図1異常ネルンスト効果の測定方法.jpg
Cox(MgO)1-xグラニュラー薄膜の異常ネルンスト効果の測定方法

熱磁気効果をもつ磁性体を効率的に発電に利用するためには、材料に内在するナノ構造を制御することにより、その変換効率を向上する技術が必要であることが提案されていますが、その開発はあまり進んでいませんでした。そこで本研究グループは、熱磁気効果をもつ磁性体として、コバルト (Co) 薄膜に絶縁体である酸化マグネシウム (MgO) のナノメートルサイズの微粒子を分散させたグラニュラー薄膜材料を利用することに着目しました。MgOの添加量を様々に変えて高品位なグラニュラー薄膜を作製し、熱から電圧への変換効率がMgOの添加量に依存して大きく増加することを発見しました。

図3MgO添加量依存性.jpg

Cox(MgO)1-xグラニュラー薄膜の異常ネルンスト角および異常ホール角のMgO添加量依存性

今回作製したグラニュラー薄膜材料を用いれば、例えば絶縁体の添加量を適切に選択するだけで、熱電効率を自由に制御することができます。
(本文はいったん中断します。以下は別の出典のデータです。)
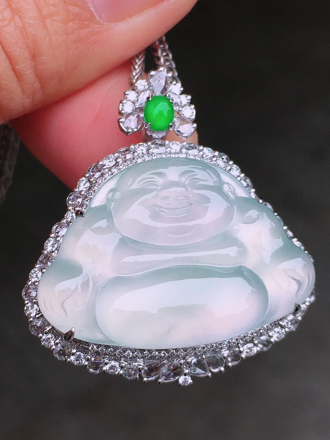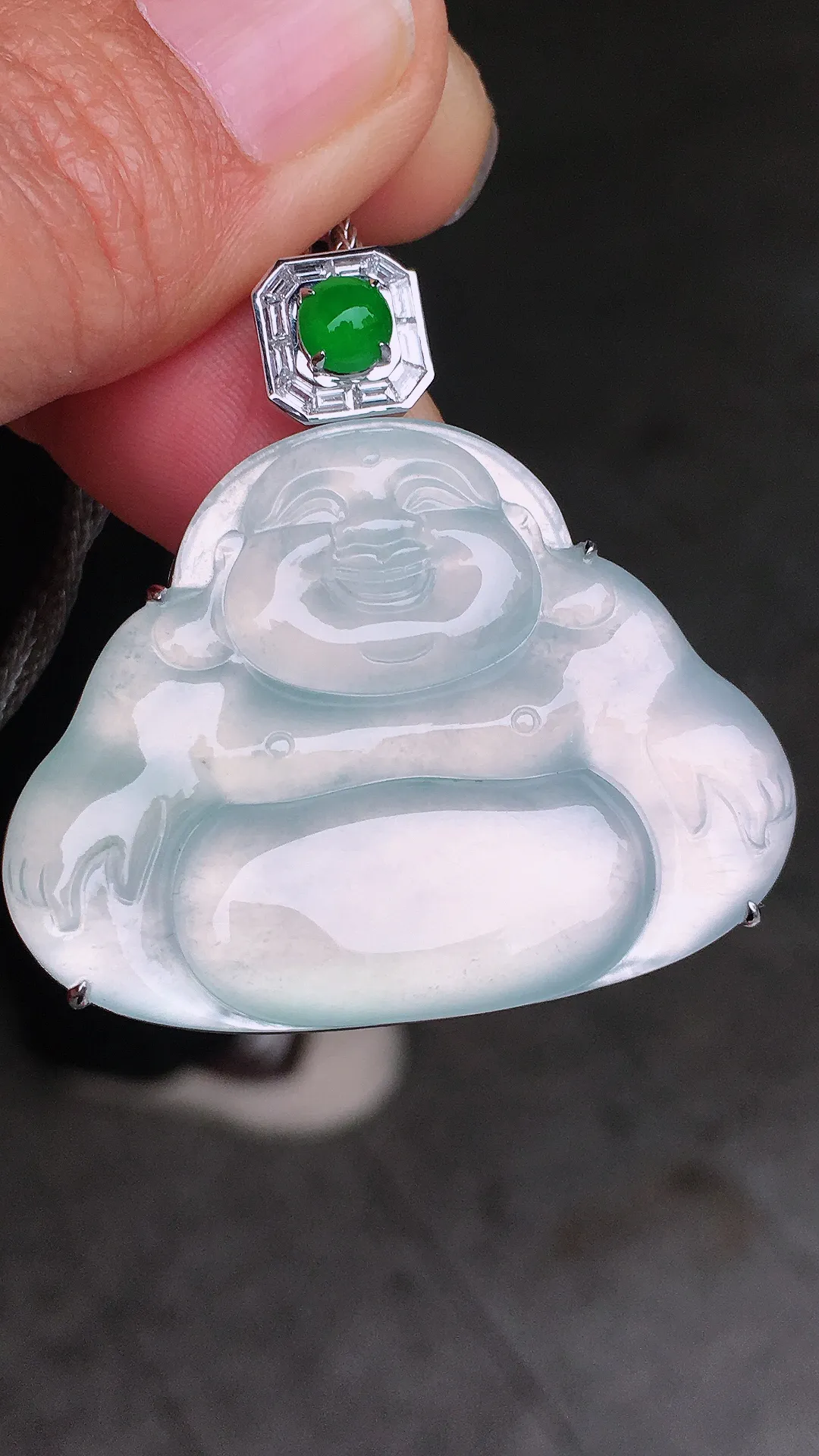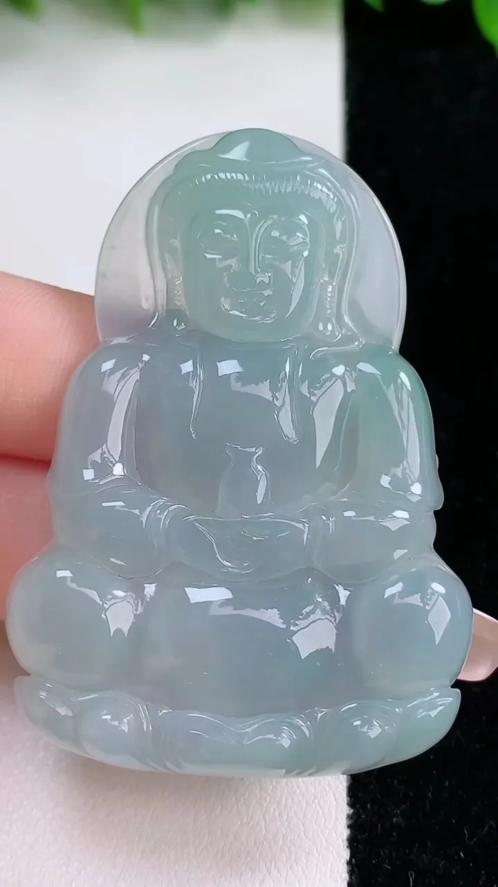 自然光实拍,冰润飘绿翡翠保平安观音菩萨吊坠,玉质莹润,佩戴佳品,#46.22

これにより、発電素子を設計する際、材料選択による自由度が生まれ、より効率的な熱電素子の開発、環境発電技術への幅広い応用が想定されます。また、これまであまり熱電変換素子(*5)などに活用されてこなかったグラニュラー薄膜ですが、その材料選択性の大きさや、材料作製の容易さから、新しい研究対象の材料としても期待されます。

藤田教授は「本研究では、微細構造解析を担当しました。異常ネルンスト効果による熱電材料は新しい分野です。今回は薄膜試料ですが、バルク材での開発にも取り組んでおります」と語りました。

本研究成果は、2020年4月7日、米国物理学協会が刊行する「Applied Physics Letters」に掲載されました。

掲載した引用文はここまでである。